# Sahara Rods



## bildad (Jun 20, 2011)

:twisted:


----------



## billpatt (Apr 12, 2010)

I like mine, they don't have much backbone, but they handle the moreten bay snaps and grassies no problem, and also throw the light bream lollies well in the canals.


----------



## Shuggy22 (Sep 14, 2012)

hey mate

i used to own a sahara rod (broke it my fault not the rod)
I dont know exactly which rod your looking at but mine is the purple pearlescent 
looking thing.

was an awesome rod great feel and awesome to cast all day long the only issue I had with it 
was (now probly by no means technical term but) where the nut tightened down on top 
of the reel the little metal ferrul pushed through and the nut itself would always wind on a bit skew.
wasnt a huge issue but was just a shame to the rest of the rod.
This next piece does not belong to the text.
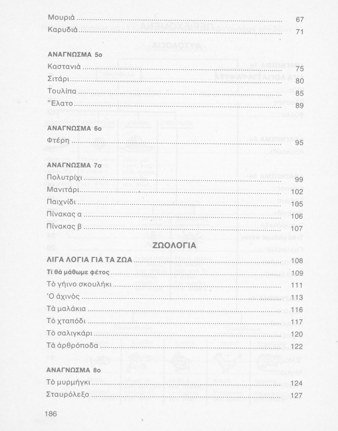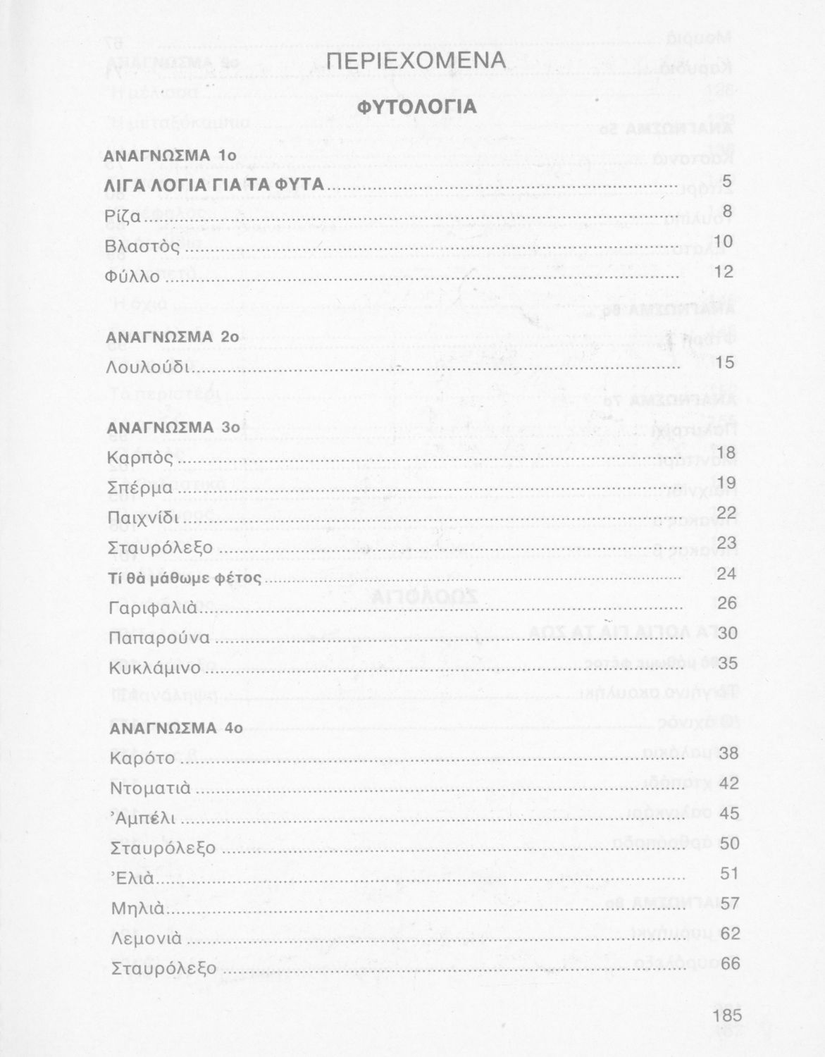Πρόκειται για βιβλίο Φυτολογίας και Ζωολογίας για την Γ΄ Δημοτικού. Περιέχει στοιχεία για τα μέρη του φυτού, για φυτά και ζώα που υπάρχουν στον κήπο, τον ανθόκηπο και τον λαχανόκηπο.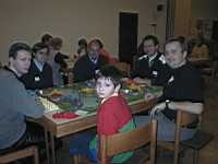 36 Teilnehmer begrüßte die Schirmherrin Frau Hildegard Niklas, Vorsitzende des Jugendhilfeausschusses, zu Beginn mit Frank Schumann von Jugendamt der Stadt Dinslaken im evangelischen Gemeindehaus Kirchstraße in Hiesfeld. Nach gut drei Stunden standen die 20 Teilnehmer der Halbfinale fest darunter auch Spielefreund Wolfgang, der extra aus Frankfurt angereist war. Während ein Teil der ausgeschiedenen Siedler die historischen Szenarien und die dank der Unterstützung von KOSMOS umgebauten Spiele Siedler von Dinslaken ausprobierten, lieferten sich die Herren der Schöpfung unter der Moderation von Autor Raimund Dreier an dem von ihm in aufwendiger Kleinarbeit erstelltem Großspiel einen Wettlauf um die längste Straße einschließlich Brücke oder Fähre über den Rhein. So baute Kristiane ihre Siedlungen und Städte um Rittertor und die Zeche Lohberg und finanzierte mit den Goldeinkünften weitere Ausbauten.

like i said may not be the exact same rod, if it is thought just have a good look at it.


----------



## bildad (Jun 20, 2011)

I went ahead and bought the $129 special the girl also let me get the Sahara 3000 model reel, went with the 4-6kg Rod 6'9" length I have 12lb fincrew braid and 15lb black magic fluorocarbon, should be alright for Flathead and most other estuary species up here, a bit heavy but there are some large critters up here
Went for the heavier rod purely cause I have broken 2 other 2-4kg rods just on snags.
spooled up today laughing.


----------



## Thegaff (Apr 19, 2011)

I love mine, ive had it for a few years now and it's my go to rod for most fishing. I've got bream on lightly weighted soft plastics to catching snapper out in the bay with it...It might be just my rod or it might be a sahara thing but ive cought more rocks then I have fish with it so just be warned it might be a rock catcher. :lol:


----------



## bruus (Aug 27, 2010)

I've got the 6'9" 4-6kg rod and it's done pretty well for me. The biggest fish i've had on it was a 80 something cm snapper. The rod did great until the fish was laying on its side beside the yak and I stuffed it up. It should do you well.


----------